Type out all the records word for word. Any pictures are to be left out.

(Collection entries)
+--
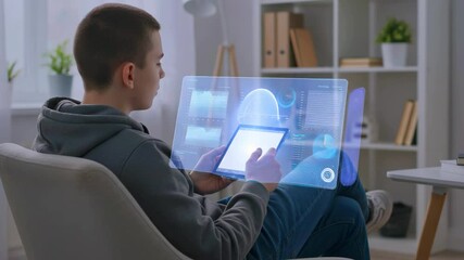 Man Using Smartphone With Holographic Data And Analytics Videos
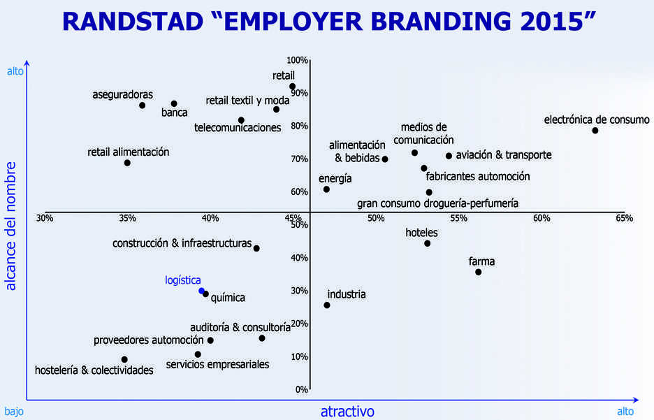 Con 191 empresas como referente del estudio y un total de 11.900 entrevistas a trabajadores y trabajadoras, Randstad ha analizado las razones esenciales que llevan a un trabajador a elegir un puesto de trabajo, así como la valoración que tienen estos de las principales compañías empleadoras de España y de los sectores a las que pertenecen.En este contexto, Randstad ha analizado en qué medida son atractivos los distintos sectores profesionales en España, concluyendo que en el caso de la logística la situación es bastante pobre y que, además, está empeorando.Por lo que se refiere al alcance del nombre y al reconocimiento de la marca de las principales empresas logísticas que operan en España, en 2015 apenas el 30% de los encuestados ha contestado afirmativamente y señalado que conoce estas compañías.Si tenemos en cuenta que el reconocimiento medio de todas las empresas objeto de estudio ha sido el 60%, constataremos el pobre nivel de imagen que poseen las empresas logísticas.Por si esto fuera poco, precisamente en lo que respecta al atractivo que generan estas empresas y el conjunto del sector para trabajar en él, el estudio otorga apenas un 39% de respuestas de empleados que querrían trabajar en este ámbito, también por debajo de la media del 44% que se obtiene para el conjunto de sectores.Dicho esto, el sector logístico ha sufrido un claro retroceso en este último estudio cayendo por debajo del nivel de hace dos años.En 2014 el reconocimiento de los nombres de las empresas logísticas era del 37%, siete puntos más que en 2015. Además, en 2013 era del 34%, es decir, cuatro puntos menos. En cuanto al atractivo, se ha bajado un punto, ya que en 2014 las respuestas afirmativas habían sido un 40%.Esto da como resultado que el sector de la logística esté claramente encuadrado entre los sectores de bajo atractivo y de bajo alcance del nombre de sus empresas, considerándose estas de “bajo perfil”, con una elección muy limitada por parte de empleados potenciales y con acogida principalmente entre aquellos menos cualificados y menos motivados.En situación similar al sector logístico se encuentran los sectores de la química, la consultoría, la hostelería, los servicios empresariales y los proveedores de automoción.En la situación totalmente contraria se encuentran, de acuerdo con el estudio de Randstad, sectores como la electrónica de gran consumo, los fabricantes de automoción, la aviación, el sector de la alimentación y las bebidas o los medios de comunicación.En este caso hablamos de sectores altamente reconocidos y altamente atractivos que pueden elegir entre una amplia variedad de empleados potenciales altamente cualificados y motivados.
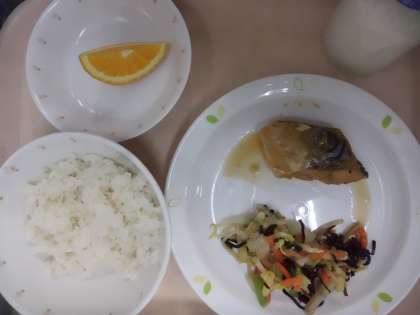 ごはん・牛乳・さばのみそ煮・野菜の香味あえ・スイートスプリング
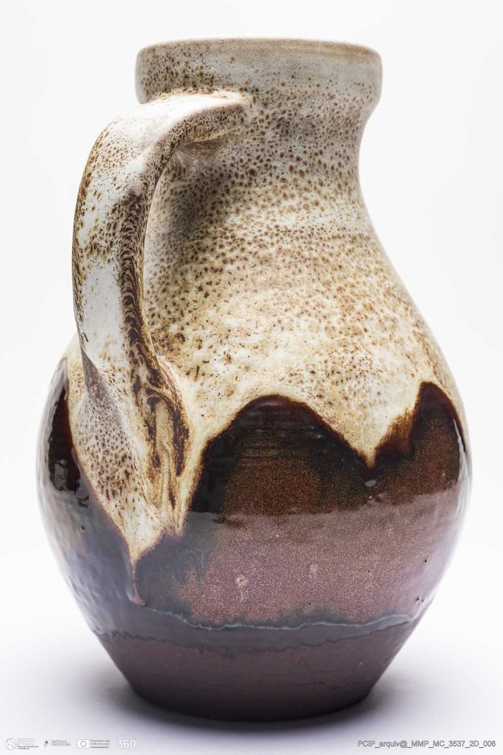 Matéria/Técnica: Barro vermelho rodado. Vidrado polícromo: castanho escuro e mel, creme e dourado; Cronologia: 1945-1984; Autoria: Desconhecido / Carstens, Alemanha; Dimensões (cm): Altura: 25,5; Largura: 17; Comprimento: 18,5.
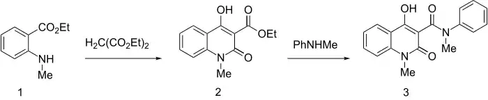 Ethyl 2-(methylamino)benzoate is condensed with ethyl malonate. Amine-ester interchange of that compound with N-methylaniline results in formation of the amide roquinimex.
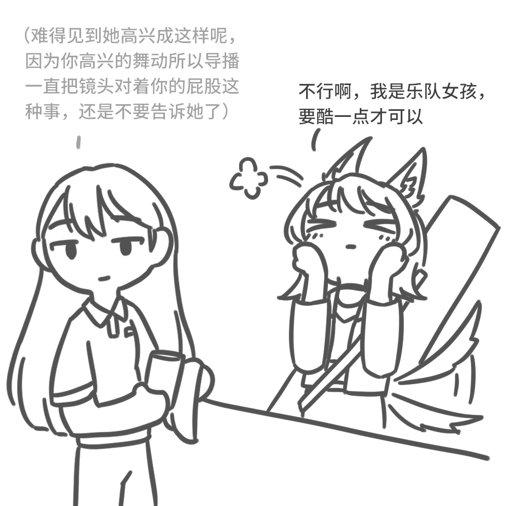 >>287478245>T: (It's rare to see her this happy. As for the matter of the director keeping the camera focused on your butt because of your joyful dancing, I guess I won't bring that up.)>U: Ahhh no! I'm a band girl! I gotta be cooler than this!
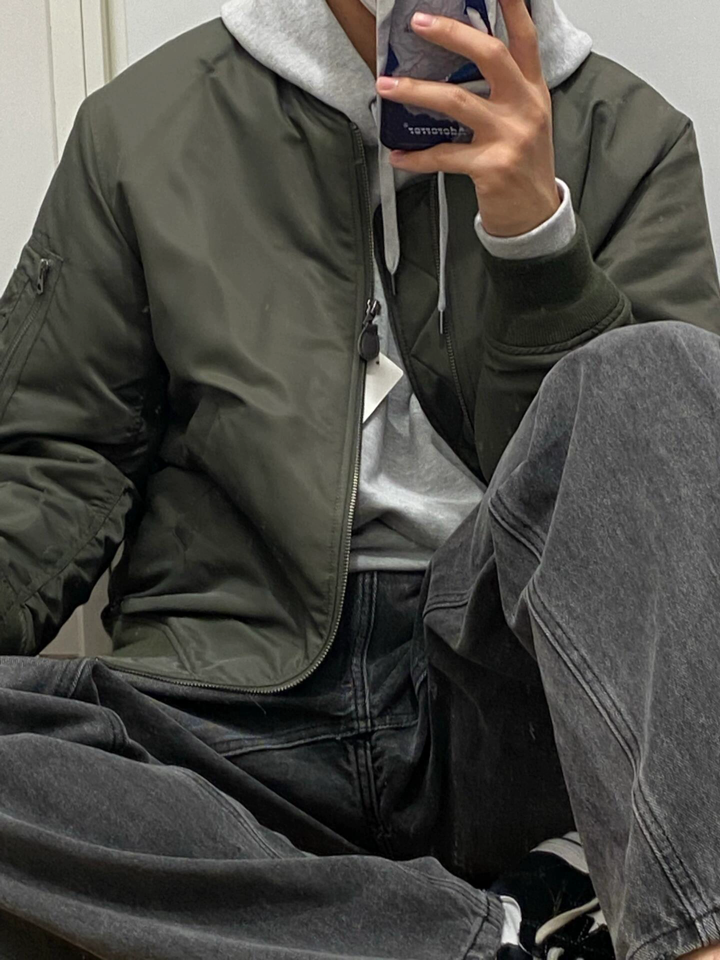 棒球领夹克外套男工装军绿色飞行员宽松痞帅风2025新款秋冬季百搭
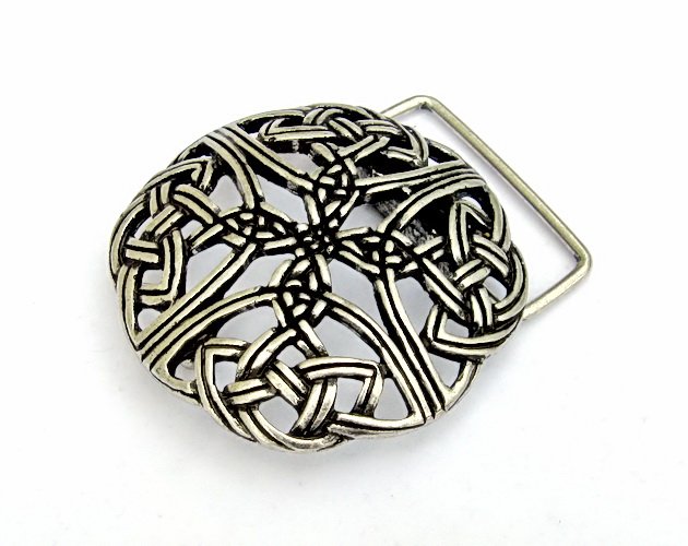 Die ausdrucksvolle Schnalle mit keltischen Knoten hat einen kleinen Dorn, der einfach in die Gürtel-Löcher eingehakt wird.
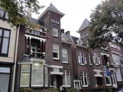 Rijtje van drie aaneengebouwde herenhuizen met hekken, thans met etage- en/of kamerverhuur
+--
* PROBLEM SOLUTION:
 Man Using Smartphone With Holographic Data And Analytics Videos
 Con 191 empresas como referente del estudio y un total de 11.900 entrevistas a trabajadores y trabajadoras, Randstad ha analizado las razones esenciales que llevan a un trabajador a elegir un puesto de trabajo, así como la valoración que tienen estos de las principales compañías empleadoras de España y de los sectores a las que pertenecen.En este contexto, Randstad ha analizado en qué medida son atractivos los distintos sectores profesionales en España, concluyendo que en el caso de la logística la situación es bastante pobre y que, además, está empeorando.Por lo que se refiere al alcance del nombre y al reconocimiento de la marca de las principales empresas logísticas que operan en España, en 2015 apenas el 30% de los encuestados ha contestado afirmativamente y señalado que conoce estas compañías.Si tenemos en cuenta que el reconocimiento medio de todas las empresas objeto de estudio ha sido el 60%, constataremos el pobre nivel de imagen que poseen las empresas logísticas.Por si esto fuera poco, precisamente en lo que respecta al atractivo que generan estas empresas y el conjunto del sector para trabajar en él, el estudio otorga apenas un 39% de respuestas de empleados que querrían trabajar en este ámbito, también por debajo de la media del 44% que se obtiene para el conjunto de sectores.Dicho esto, el sector logístico ha sufrido un claro retroceso en este último estudio cayendo por debajo del nivel de hace dos años.En 2014 el reconocimiento de los nombres de las empresas logísticas era del 37%, siete puntos más que en 2015. Además, en 2013 era del 34%, es decir, cuatro puntos menos. En cuanto al atractivo, se ha bajado un punto, ya que en 2014 las respuestas afirmativas habían sido un 40%.Esto da como resultado que el sector de la logística esté claramente encuadrado entre los sectores de bajo atractivo y de bajo alcance del nombre de sus empresas, considerándose estas de “bajo perfil”, con una elección muy limitada por parte de empleados potenciales y con acogida principalmente entre aquellos menos cualificados y menos motivados.En situación similar al sector logístico se encuentran los sectores de la química, la consultoría, la hostelería, los servicios empresariales y los proveedores de automoción.En la situación totalmente contraria se encuentran, de acuerdo con el estudio de Randstad, sectores como la electrónica de gran consumo, los fabricantes de automoción, la aviación, el sector de la alimentación y las bebidas o los medios de comunicación.En este caso hablamos de sectores altamente reconocidos y altamente atractivos que pueden elegir entre una amplia variedad de empleados potenciales altamente cualificados y motivados.
 ごはん・牛乳・さばのみそ煮・野菜の香味あえ・スイートスプリング
 Matéria/Técnica: Barro vermelho rodado. Vidrado polícromo: castanho escuro e mel, creme e dourado; Cronologia: 1945-1984; Autoria: Desconhecido / Carstens, Alemanha; Dimensões (cm): Altura: 25,5; Largura: 17; Comprimento: 18,5.
 Ethyl 2-(methylamino)benzoate is condensed with ethyl malonate. Amine-ester interchange of that compound with N-methylaniline results in formation of the amide roquinimex.
 >>287478245>T: (It's rare to see her this happy. As for the matter of the director keeping the camera focused on your butt because of your joyful dancing, I guess I won't bring that up.)>U: Ahhh no! I'm a band girl! I gotta be cooler than this!
 棒球领夹克外套男工装军绿色飞行员宽松痞帅风2025新款秋冬季百搭
 Die ausdrucksvolle Schnalle mit keltischen Knoten hat einen kleinen Dorn, der einfach in die Gürtel-Löcher eingehakt wird.
 Rijtje van drie aaneengebouwde herenhuizen met hekken, thans met etage- en/of kamerverhuur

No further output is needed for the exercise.